I am here now to say that I have may have cancer. It may be in an early stage. This doesn’t take away though the fact that I am thankful for all my friends and family’s' support. I am thankful for those that love me for who I am, even though that has taken a lot of work from others to get me to the place I now find myself in.
Thank you to the older LGBTQ community. Thanks to the brave activism against inequality and injustice. Here we are still dealing with the COVID-19 global pandemic—a novel virus we know little about that has threatened hundreds of millions of lives around the world. It sounds familiar, right? But now we've seen many medications being tested to treat the virus, and within just a few months, several therapies have made it into development, now are out there helping people. We can all thank the activism of the HIV/AIDS community for the speed at which the pharmaceutical industry reacted to this latest epidemic.
***
Thank you to the science community. Because of you, we don’t have to rely on groups of SAHMs on social. Thank you to K.J., my friend and long- time HIV survivor who signed off on this little essay of mine.

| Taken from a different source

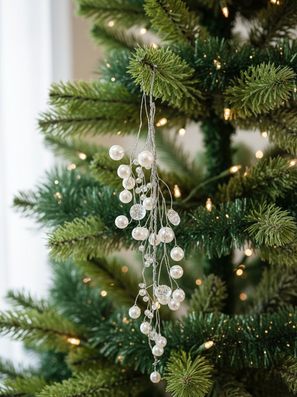 Lüks dokulu bu inci salkım süs, sade ama etkileyici yılbaşı dekorları arayanlar için mükemmel bir seçimdir.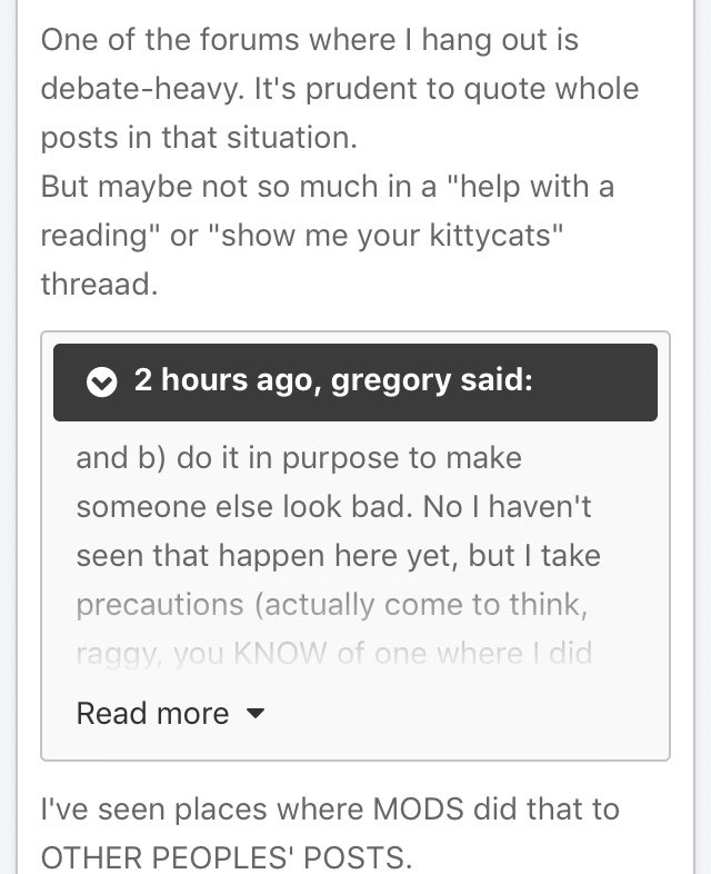 But maybe not so much in a "help with a reading" or "show me your kittycats" threaad.

This was a creative non-fiction essay I created during the pandemic. I had submitted this piece to a magazine where it was placed semi-finalist category. It proved itself cathartic. Cancer, the state of the world and mistruths all felt overwhelming. It was something I was attempting to rectify. All events in the essay occurred.
**Names, people and certain details mentioned in this essay have been changed to protect their privacy.